L’interventionnisme public sur les marchés financiers ne limite pas à l’interventionnisme des autorités publiques puisque, de manière indirecte, les autorités privées de marché sont également soumises à la contrainte publique. Si les exigences de la libéralisation ont ouvert le système à une gestion privée des marchés à travers les sociétés de marché et les prestataires de service d’investissement, il n’en reste pas moins qu’ils sont subordonnés au contrôle de l’autorité publique et au respect de l’ordre public financier. Le chapitre X montre ainsi comment la violation de l’ordre public financier est sanctionnée, en France, par les autorités privées de marché que sont Euronext Paris et les prestataires de services d’investissement. Après avoir méthodiquement appliquer les critères du droit public, on a montré que Euronext remplissait une mission de service public pour la défense de l’intérêt du marché dont elle doit assurer le bon fonctionnement. Les pouvoirs qui lui sont conférés à cet effet relèvent tant de l’activité normative (établissement des règles de marché, admission des valeurs à la cotation, admission des membres, publicités des négociations et diffusion des cours etc…) que de son pouvoir de sanction.

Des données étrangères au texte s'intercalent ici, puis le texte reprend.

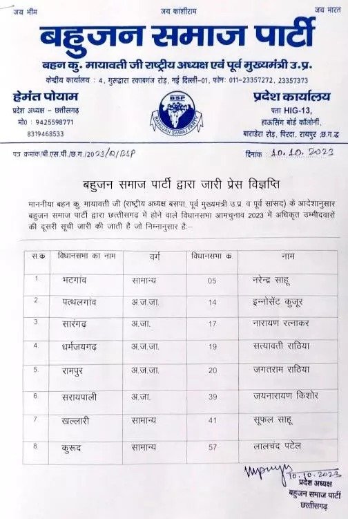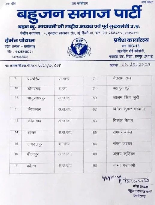छत्तीसगढ़ में बसपा पार्टी ने अपनी प्रत्याशियों की दूसरी सूची जारी की
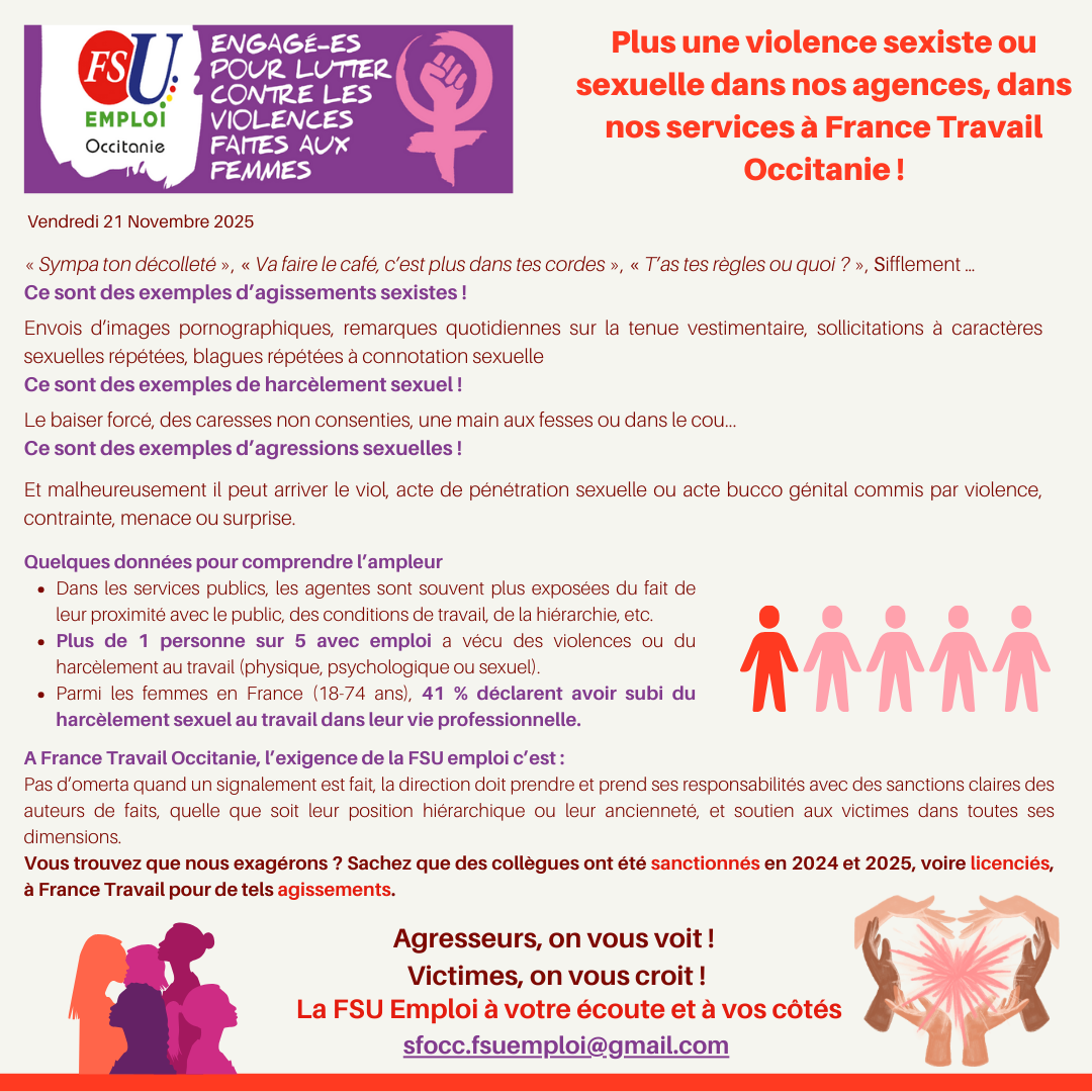 Dans cette communication, la FSU EMPLOI Occitanie communique sur la Journée internationale de lutte contre les violences faites aux femmes.
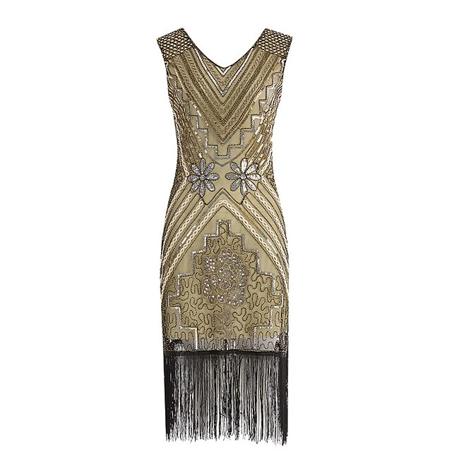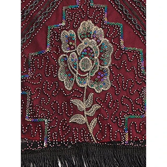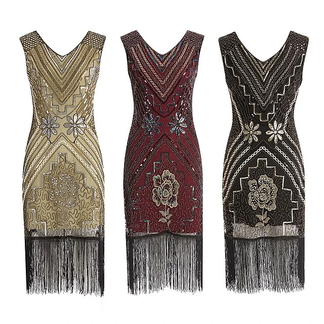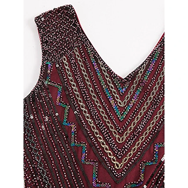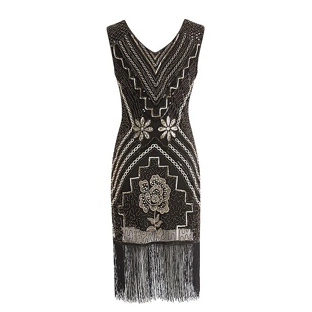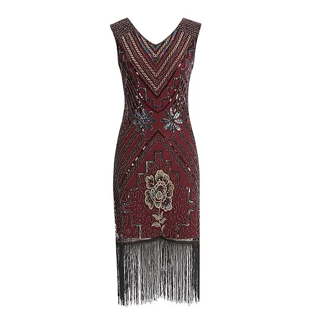 Women’s Retro 1920s Fringe Dress Midi Dress Party Halloween Sequins Tassel Fringe Floral V Neck Sleeveless Regular Fit Spring Fall 2023 Black Red S M L XL

La spécificité du droit applicable aux relations entre Euronext et les membres du marché résulte de l’importance de l’ordre public financier en la matière. Le caractère particulier de la nature des actes émis par Euronext, ni tout à fait public ni tout à fait privé comme l’illustre notamment la récente décision du Tribunal des Conflits du 13 décembre 2004, montre la particularité du droit des marchés financiers. L’hypothèse de l’encadrement par le droit disciplinaire des relations entre Euronext et ses membres permet de tenter de rattacher les entreprises de marché à un cadre juridique existant. Ainsi, tout comme les ordres professionnels, les entreprises de marché sont des organisations d’intervention professionnelle qui ont pour objet l’encadrement de certaines activités ; ce sont aussi des organes investis d’une mission de service public. Euronext dispose ainsi d’un pouvoir normatif, d’un pouvoir de décision individuel, et du pouvoir de suspendre ou de retirer définitivement de la cotation un titre d’une entreprise ne respectant pas les règles de marché. Les prestataires de service d’investissement peuvent aussi être considérés comme des professions réglementés, soumises, en tant que telles, au pouvoir disciplinaire d’Euronext qui vérifie s’ils sont aptes à exercer leur activité à travers l’octroi de l’agrément et qui approuve leur programme d’activité. Le droit disciplinaire résultant de la mixité du régime juridique applicable aux autorités privées de marché est caractérisé par la force de l’ordre public financier qu irrigue le droit des acteurs des marchés financiers.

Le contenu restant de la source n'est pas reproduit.